This article appeared in the South Wales Argus 100 years ago today

HOUSING AT NEWPORT

TONIGHT a Local Government Board inquiry will be held at Newport with reference to the acquisition of land for housing schemes. It is a necessary preliminary to the great work of reform to which the Corporations have undertaken to make their contribution. We do not propose to deal with the specific subject of the inquiry, but this is an appropriate time to comment upon the urgent need for a new spirit with reference to housing at Newport. There has been in recent years an improvement in regard to middle-class houses; now we want an improvement in working-class housing. The people ask that those who toil for low wages - craftsmen, artisans, labourers, clerks, shopmen - should have the chance to live in houses which combine comfort, convenience and beauty. They ask for areas laid out on garden city lines, instead of long rows of ugly boxes of bricks and mortar - for houses semi-detached or combined in picturesque blocks of three or four, for every house a garden, with variety of architecture instead of the deadly uniformity which marks so many areas.

The first necessity for every housing scheme is a fit site. The undeveloped districts around Newport and the townships of Monmouthshire about with sites of great natural beauty. If they are properly utilised Monmouthshire can be made a county of charming townships where beauty and convenience will minister to health of body and mind. But if the development is to proceed upon right lines, with a view to present needs and future developments, there must be town planning on broad lines, and every development must be directed and controlled by the civic authorities, so that the advance of to-day may not be the barrier of to-morrow. We gave only to look around the older Monmouthshire townships (including Newport) to see how handicapped the people of to-day are because there was no controlling authority in the early part of last century. Our ancestors did not foresee the great developments which would follow the industrial revolution; the humble folk of those times had no control of civic policy; and there was no public sentiment in favour of better things. During the past century there has been hard thinking and eloquent propaganda. To-day there is an instructed public opinion upon town planning and housing. Perhaps half the people still are ignorant or indifferent; but there is a body of opinion in favour of housing reform, and the active elements in the nation (not of one class or party only, but of all) are convinced that the provision of hosing is a national duty - that, while the cooperation of individual enterprise is welcome and necessary, it cannot be left to estate owners, private capitalists, or speculative builders, but must be undertaken with the State's financial assistance as part of the municipality's duty.
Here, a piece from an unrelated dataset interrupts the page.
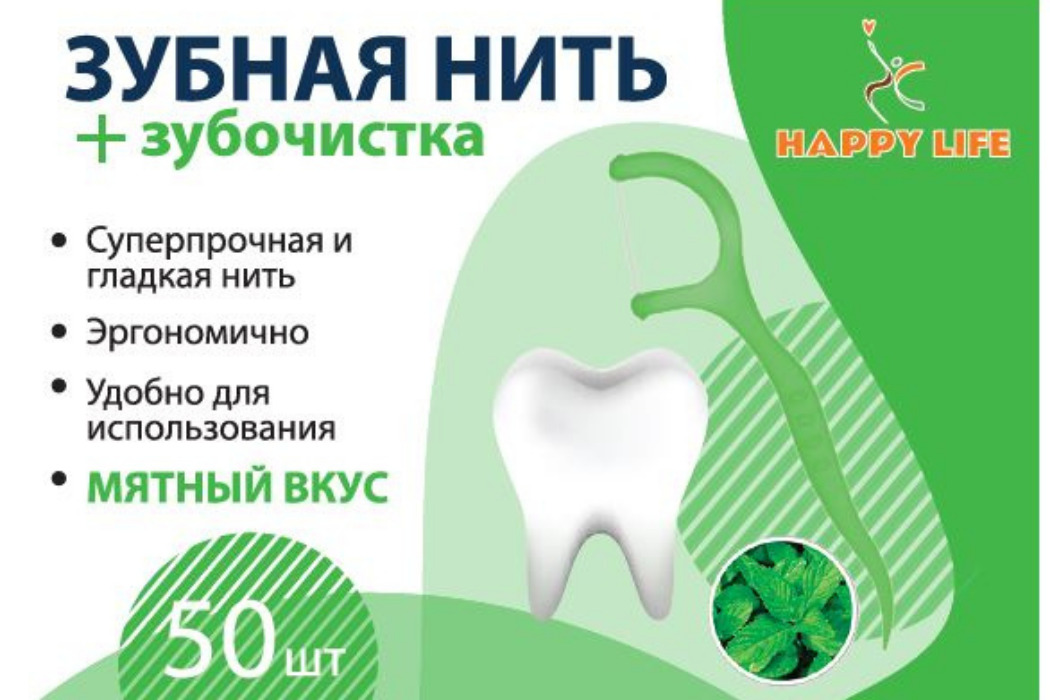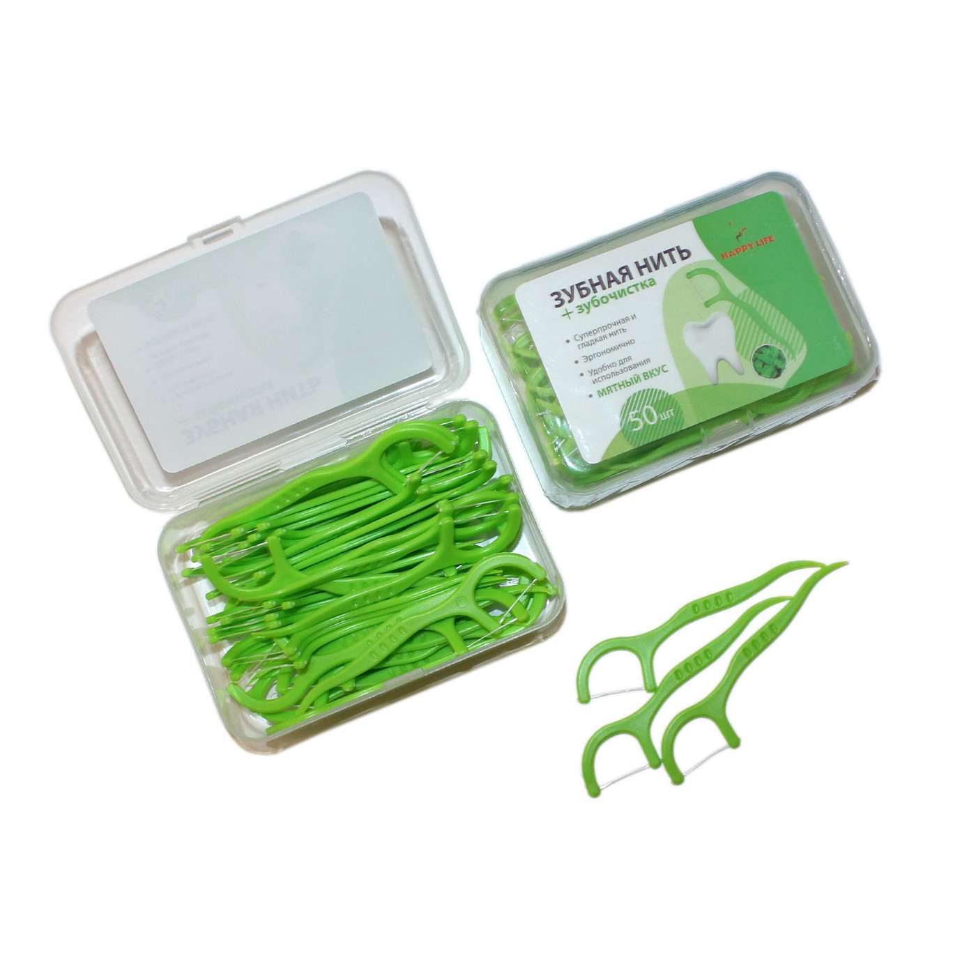 Зубная нить с зубочисткой / флоссеры Happy Life с мятой

There are not enough houses at Newport for the people to live in comfort and decency, therefore many more houses must be built merely to accommodate the present population. That is the first point to be considered in connection with the inquiry to-day. We need houses, we must have sites, and the sites suggested will enable the town to build model houses on model lines. There is immediate gain from every properly conceived and efficiently completed housing scheme - it means the provision of decent, comfortable, and beautiful; homes for a number of families, and thought the moral influence is not inevitable, men and women in the main tend to live up to their surroundings. But there are indirect benefits from such schemes. They are an example and a stimulus - especially to the home-makers - the women. What working women in Newport with eyes to see and a heart to feel will be content to live in one of the mean streets of Newport - in one of those old, ugly, dingy, ricketty houses, with no convenience, no outlook- when for an equal rent, or very little more, other women's husbands can get pretty modern cottages in a garden suburb? We want a real housing scheme at Newport to stir in the hearts of the women that divine discontent - that revolt against unnecessary hardship and unloveliness - which is the beginning of reform. We want our housing scheme - our new houses. And when we have them we want to see the women of Newport refusing to occupy the hovels for which their husbands now pay high rents - insisting upon moving out into newer and healthier surroundings - so that houses which are only prevented from becoming uninhabitable slums through the excessive toil of overworked housewives may be left to their fate, and a new public sentiment may compel the municipality to sweep them away and make a garden city in our very midst where now are huddled mean houses in mean streets.